• [Work to complete]
Copy every line of the data below exactly as given, except for the pictures.

(Dataset excerpts)
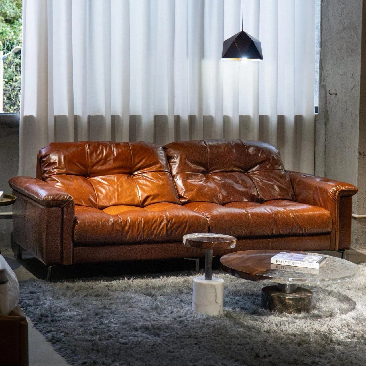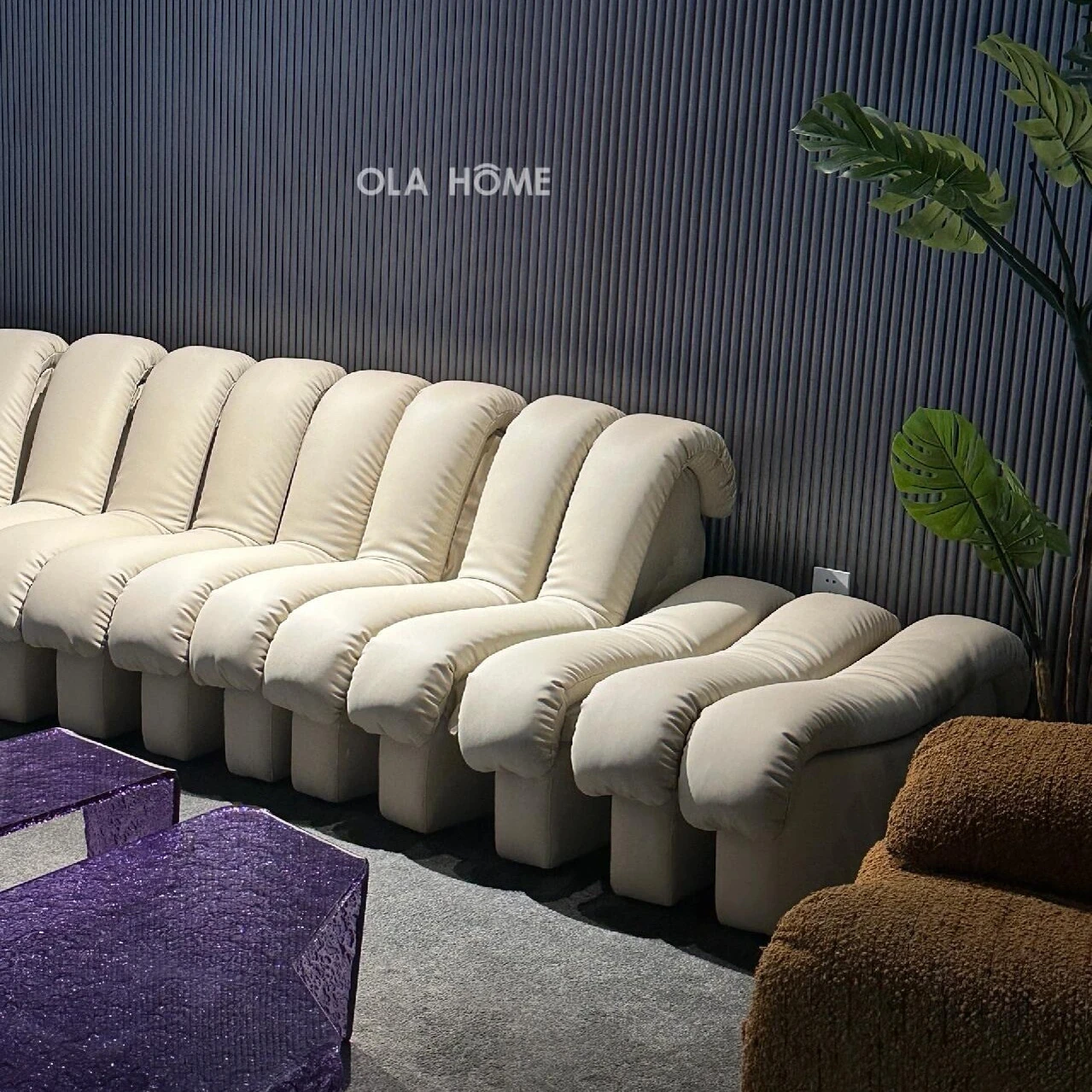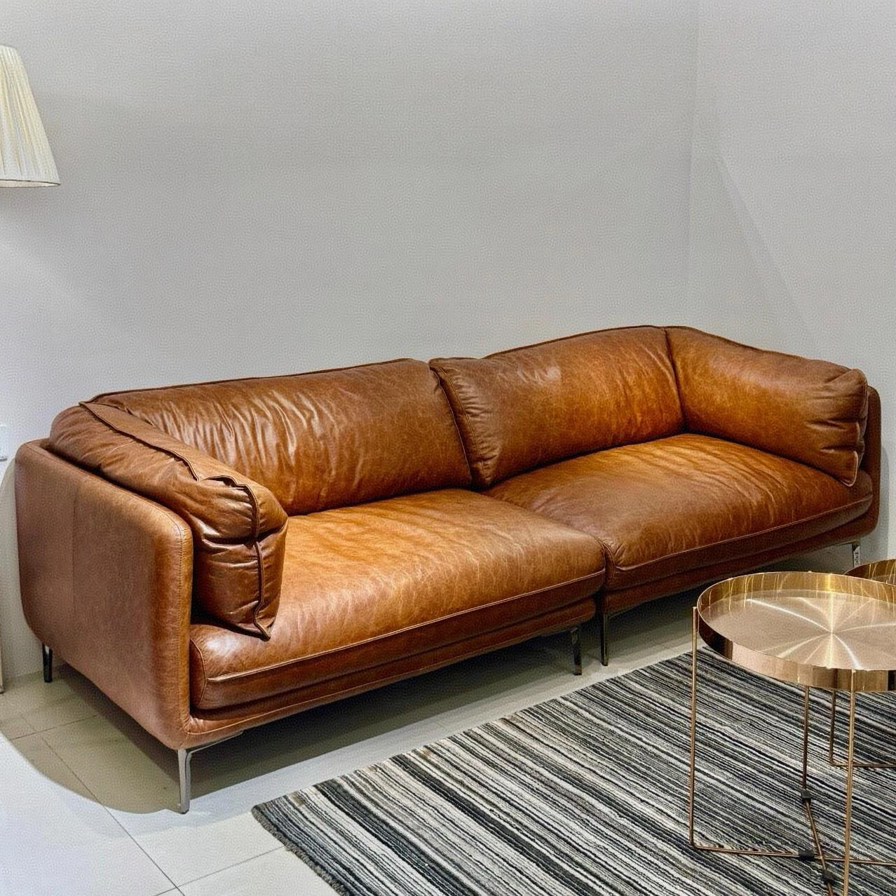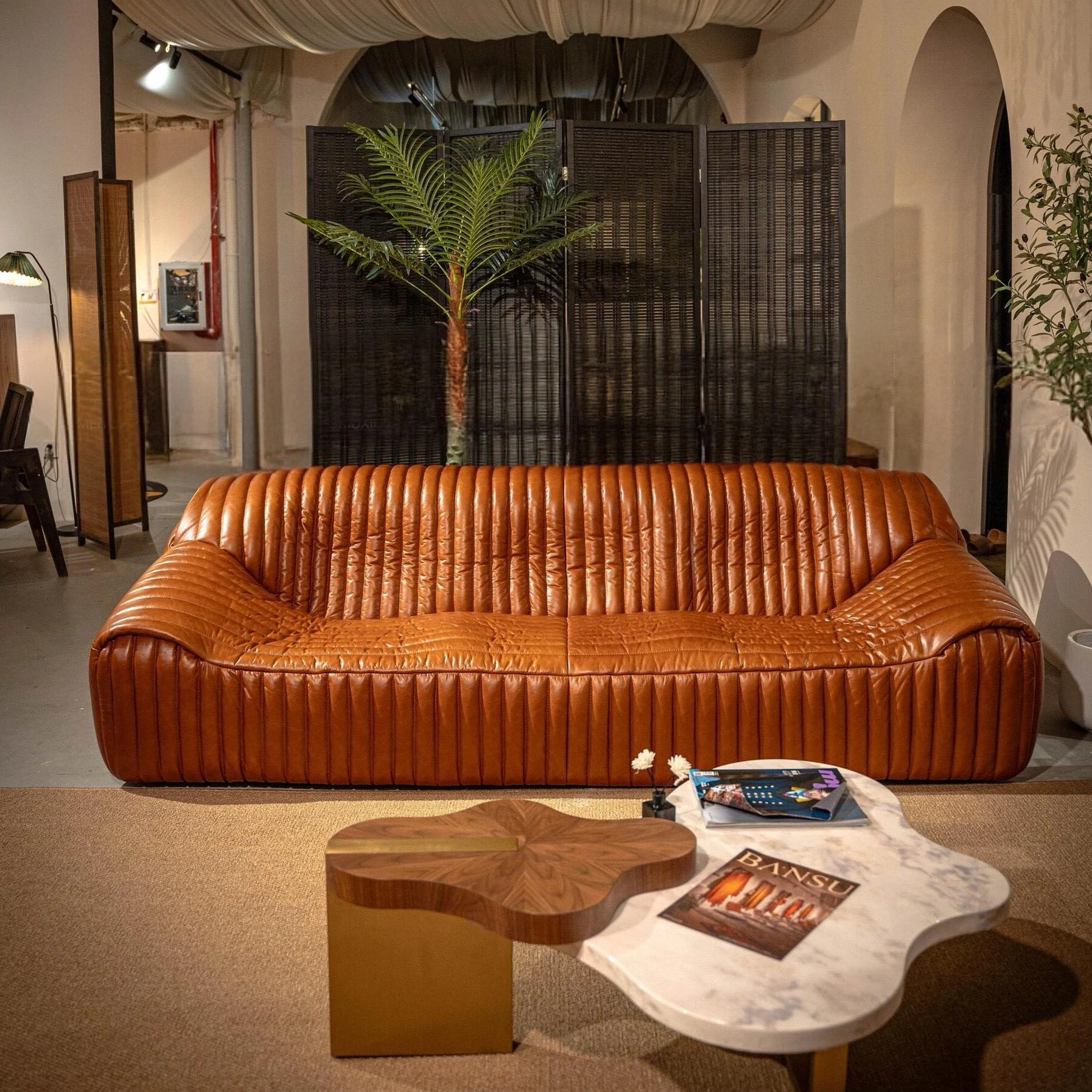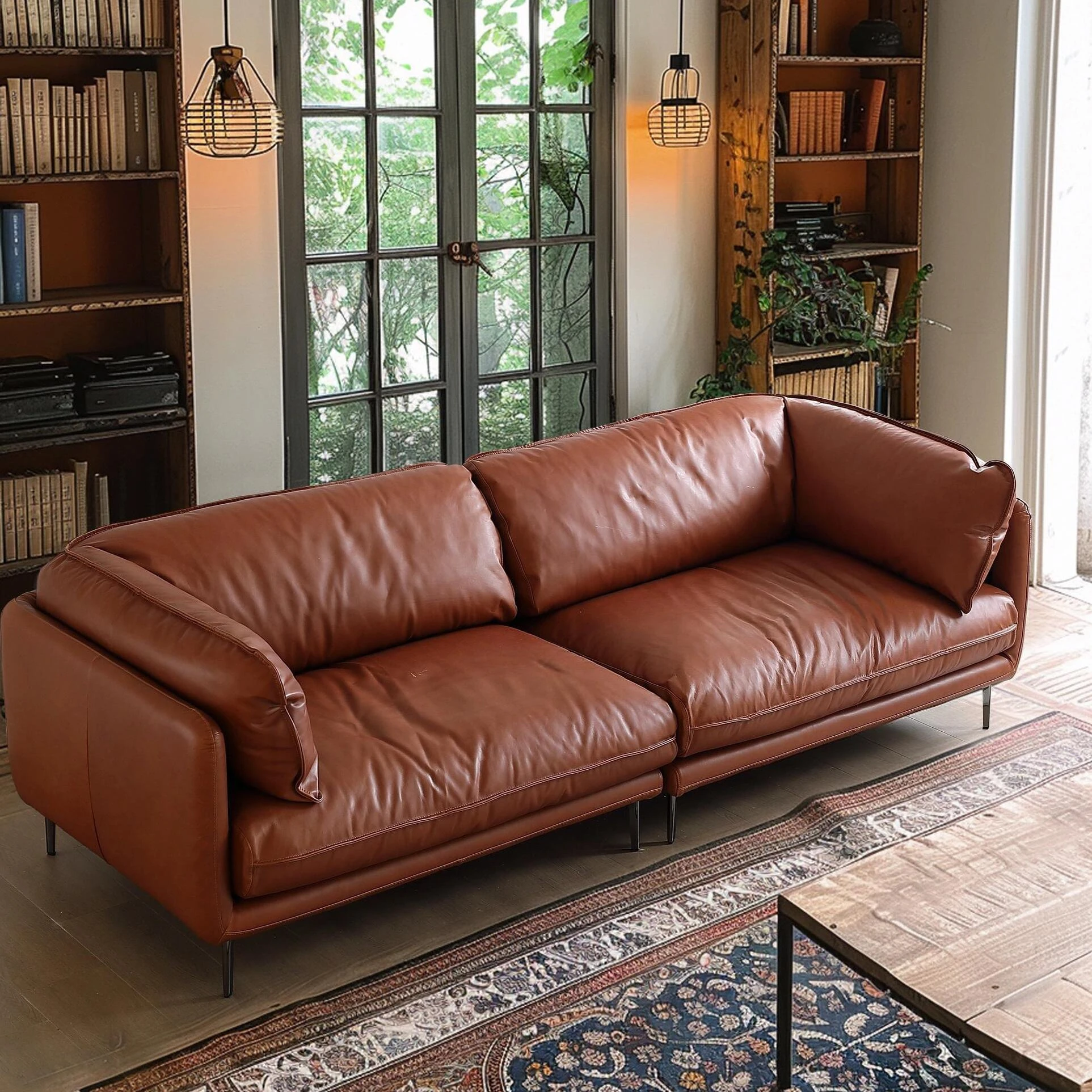 ヴィンテージ風本革ヘビ型ソファー|リビングにぴったりのアーチ型モジュラーソファ|フレンチスタイルで洗練された空間を演出|人気のセレブ同様のスタイルをお楽しみください!
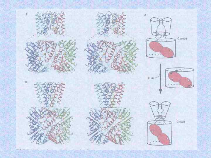 Са-активируемый К канал (Mth. K) из Methanobacterium thermoautotrophicum. Кристаллическая структура канала в (кальций связанном) открытом состоянии. Восемь RCK доменов (регуляторов калиевой проницаемости) образуют воротное кольцо на внутренней поверхности мембраны. Это воротное кольцо использует энергию связывания Са для совершения механической работы и открытия поры.
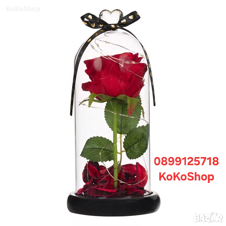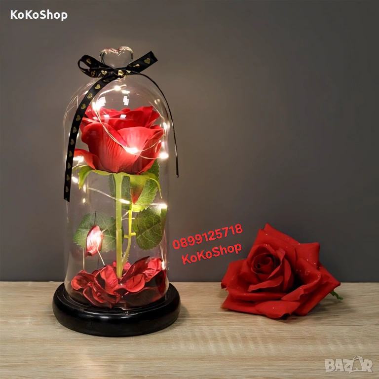 Розата е поставена в прозрачен стъклен купол с кръгла основа и има добавени LED светлини, които създават уютна и романтична атмосфера.
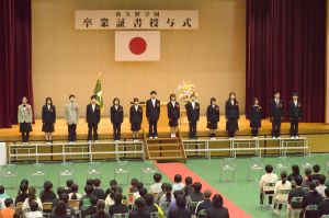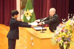 3月19日(木)、6年生の卒業証書授与式を挙行しました。14名の卒業生は、4月に入学する中学校の制服や標準服を身にまとい、式に臨みました。堂々と入場、元気のよい歌声で始まり、凛とした雰囲気の中で式が進行していきました。式の最後、一人一人が精一杯の声で伝えた「明日への言葉」では、これからの強い決意が感じられ、感動的な締めくくりとなりました。何事にも真面目に取り組み、優しく、一生懸命だった卒業生の皆さん、小学校で付けた力を生かし、充実した中学校生活を過ごしてください。
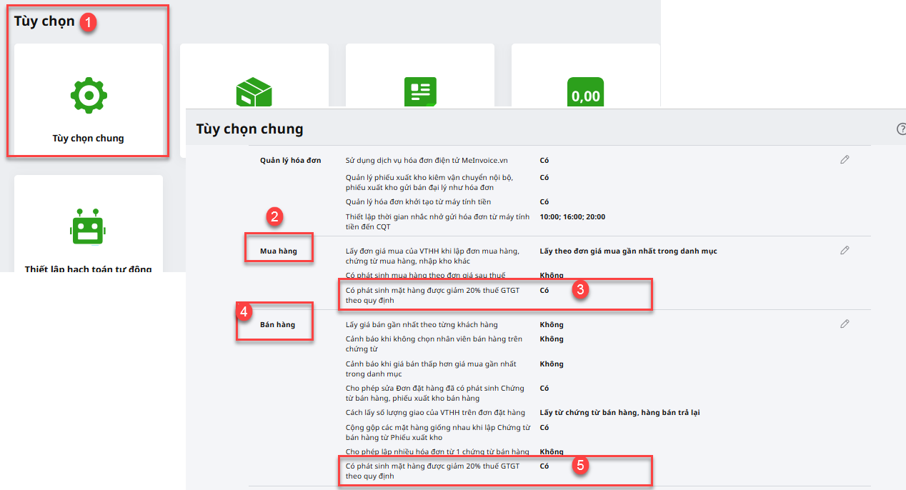 Bước 2: Chọn phần Tùy chọn chung, mục Mua hàng hoặc mục Bán hàng, nhấn vào biểu tượng cái bút Sửa và tích chọn Có phát sinh mặt hàng được giảm 20% thuế GTGT theo quy định. Sau đó, nhấn Cất và nhấn Đóng.
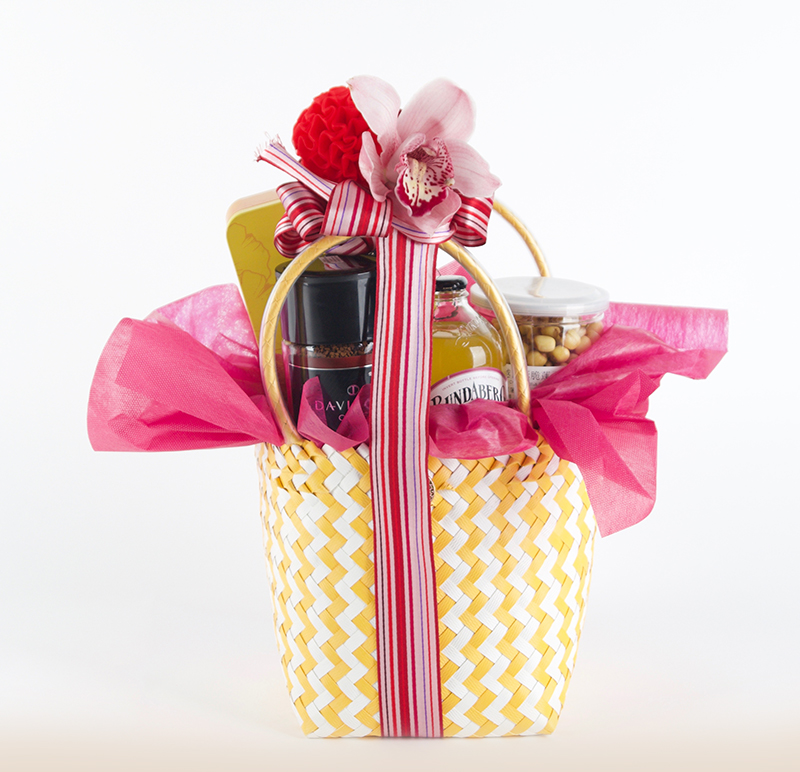 TRIBAL WOMEN YELLOW/WHITE TOTE ZIGZAG BAG (S),SEASON’S KUIH LAPIS,DAVIDOFF CAFE- GRANDE CUVEE RICH AROMA 100GM,VIETNAMESE CRUNCHY LOTUS SEED 300GM,BUNDABERG- PASSION FRUIT SPARKLING DRINK 375ML,ARTISANAL GIFT- PACKAGING,GREETING CARD
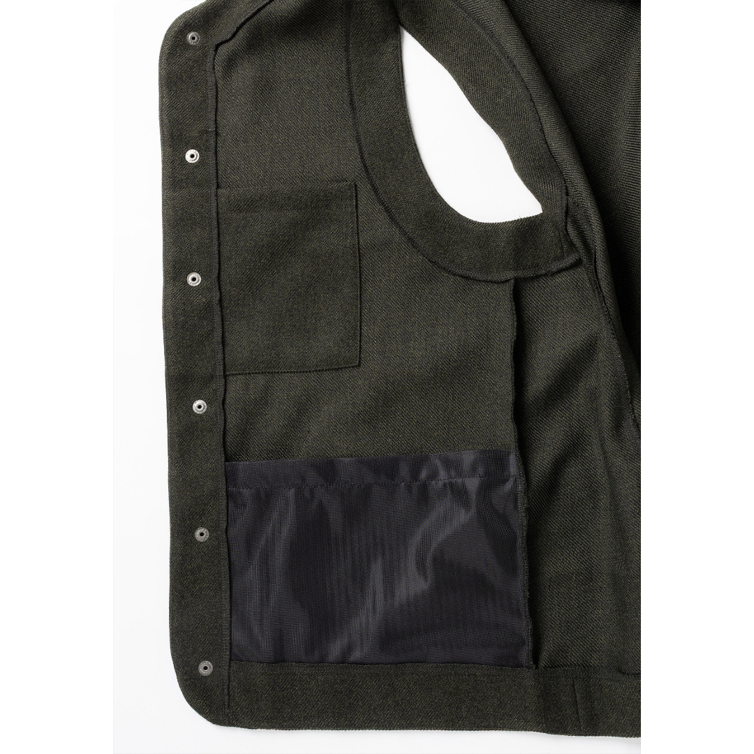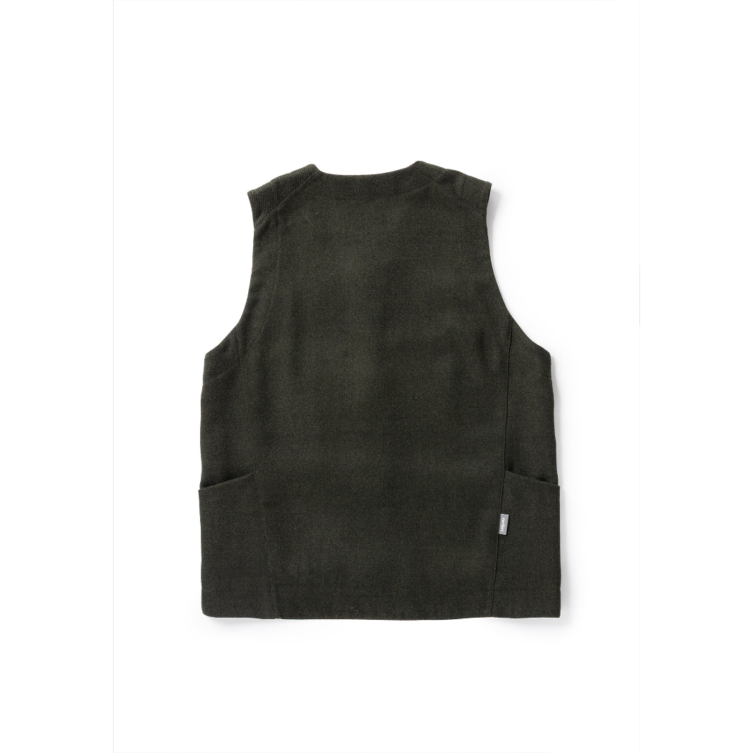 - ウールのような生地感だがポリエステル100%素材を使用したベスト。
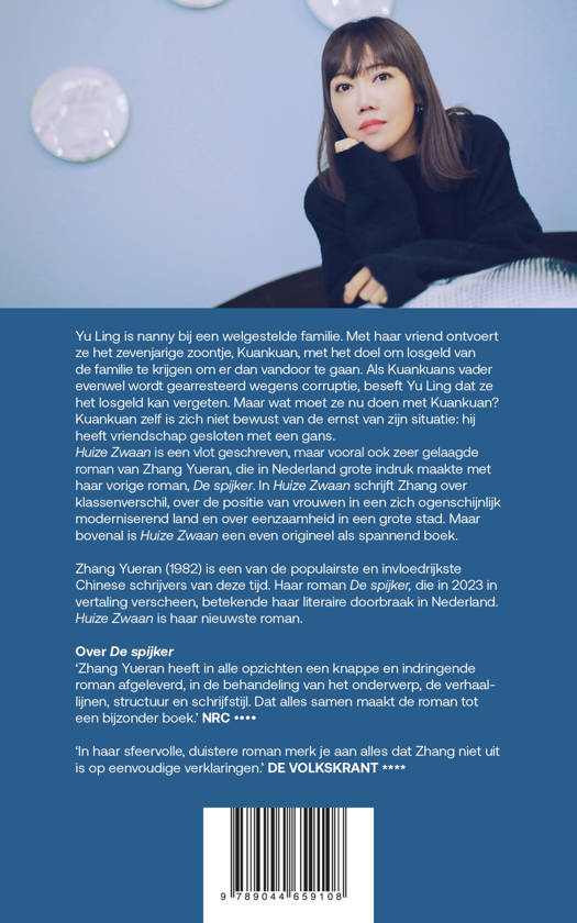 Zhang Yueran (1982) is een van de populairste en invloedrijkste Chinese schrijvers van deze tijd. Haar roman De spijker, die in 2023 in vertaling verscheen, betekende haar literaire doorbraak. Huize Zwaan is haar nieuwste roman.
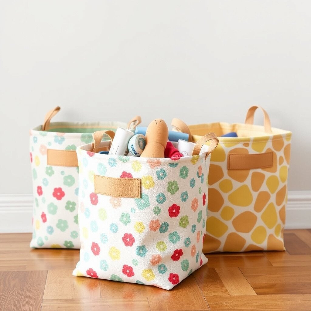 Fabric storage bins are both functional and decorative. Use sturdy materials to create bins that can hold toys, books, or any clutter that needs a home.
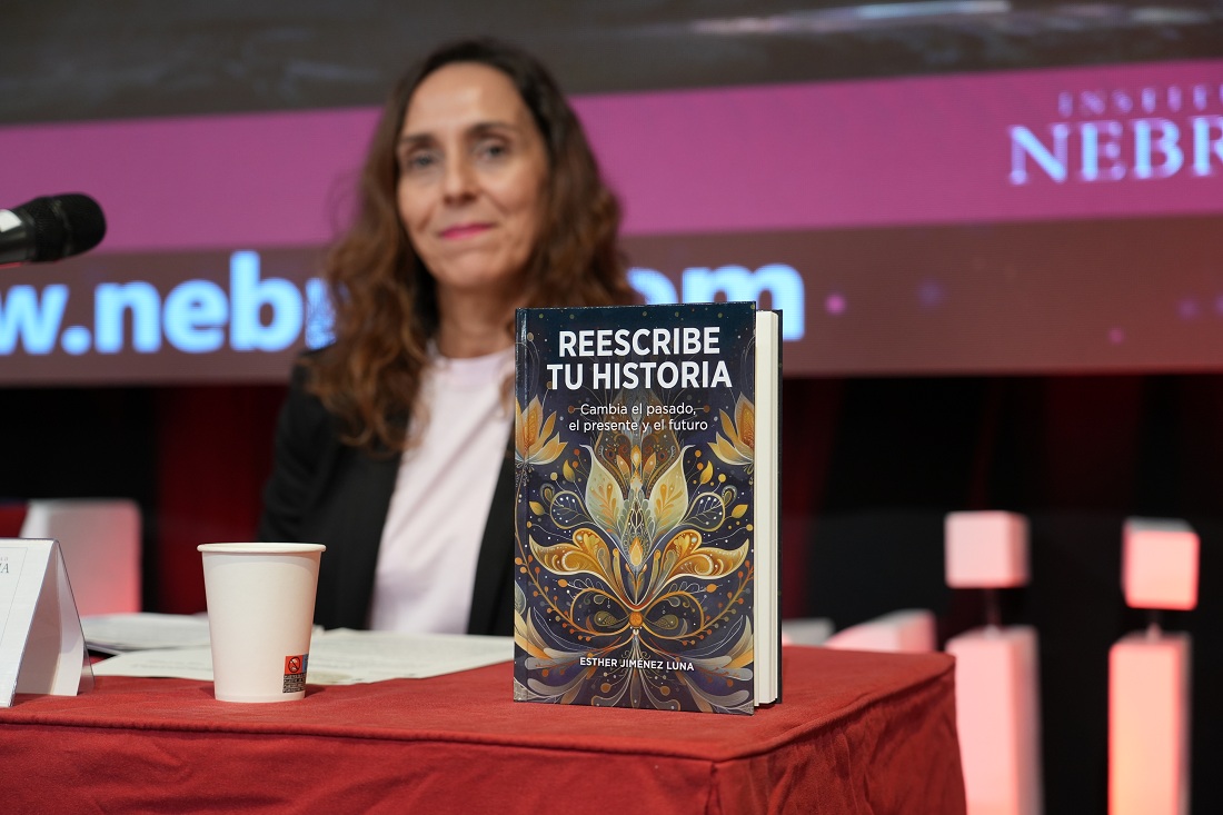 Complementó las palabras de Carballal, Esther Jiménez, profesora del Instituto Nebrija del Español: “Mi carrera me ha enseñado que las palabras no solo describen el mundo, sino que tienen la capacidad de crearlo. El lenguaje es la arquitectura de nuestra realidad”.  Para reescribir nuestras historias personales, propuso que cada uno recuperase su autoridad como autor. “Todos tenéis el poder de la palabra para crear en vuestra mente, mediante la visualización, el pensamiento y el sentimiento, la vida que realmente deseáis”, comentó mientras planteó a los presentes un pequeño ejercicio práctico de relajación y gratitud.

• [Exercise answer]
 ヴィンテージ風本革ヘビ型ソファー|リビングにぴったりのアーチ型モジュラーソファ|フレンチスタイルで洗練された空間を演出|人気のセレブ同様のスタイルをお楽しみください!
 Са-активируемый К канал (Mth. K) из Methanobacterium thermoautotrophicum. Кристаллическая структура канала в (кальций связанном) открытом состоянии. Восемь RCK доменов (регуляторов калиевой проницаемости) образуют воротное кольцо на внутренней поверхности мембраны. Это воротное кольцо использует энергию связывания Са для совершения механической работы и открытия поры.
 Розата е поставена в прозрачен стъклен купол с кръгла основа и има добавени LED светлини, които създават уютна и романтична атмосфера.
 3月19日(木)、6年生の卒業証書授与式を挙行しました。14名の卒業生は、4月に入学する中学校の制服や標準服を身にまとい、式に臨みました。堂々と入場、元気のよい歌声で始まり、凛とした雰囲気の中で式が進行していきました。式の最後、一人一人が精一杯の声で伝えた「明日への言葉」では、これからの強い決意が感じられ、感動的な締めくくりとなりました。何事にも真面目に取り組み、優しく、一生懸命だった卒業生の皆さん、小学校で付けた力を生かし、充実した中学校生活を過ごしてください。
 Bước 2: Chọn phần Tùy chọn chung, mục Mua hàng hoặc mục Bán hàng, nhấn vào biểu tượng cái bút Sửa và tích chọn Có phát sinh mặt hàng được giảm 20% thuế GTGT theo quy định. Sau đó, nhấn Cất và nhấn Đóng.
 TRIBAL WOMEN YELLOW/WHITE TOTE ZIGZAG BAG (S),SEASON’S KUIH LAPIS,DAVIDOFF CAFE- GRANDE CUVEE RICH AROMA 100GM,VIETNAMESE CRUNCHY LOTUS SEED 300GM,BUNDABERG- PASSION FRUIT SPARKLING DRINK 375ML,ARTISANAL GIFT- PACKAGING,GREETING CARD
 - ウールのような生地感だがポリエステル100%素材を使用したベスト。
 Zhang Yueran (1982) is een van de populairste en invloedrijkste Chinese schrijvers van deze tijd. Haar roman De spijker, die in 2023 in vertaling verscheen, betekende haar literaire doorbraak. Huize Zwaan is haar nieuwste roman.
 Fabric storage bins are both functional and decorative. Use sturdy materials to create bins that can hold toys, books, or any clutter that needs a home.
 Complementó las palabras de Carballal, Esther Jiménez, profesora del Instituto Nebrija del Español: “Mi carrera me ha enseñado que las palabras no solo describen el mundo, sino que tienen la capacidad de crearlo. El lenguaje es la arquitectura de nuestra realidad”.  Para reescribir nuestras historias personales, propuso que cada uno recuperase su autoridad como autor. “Todos tenéis el poder de la palabra para crear en vuestra mente, mediante la visualización, el pensamiento y el sentimiento, la vida que realmente deseáis”, comentó mientras planteó a los presentes un pequeño ejercicio práctico de relajación y gratitud.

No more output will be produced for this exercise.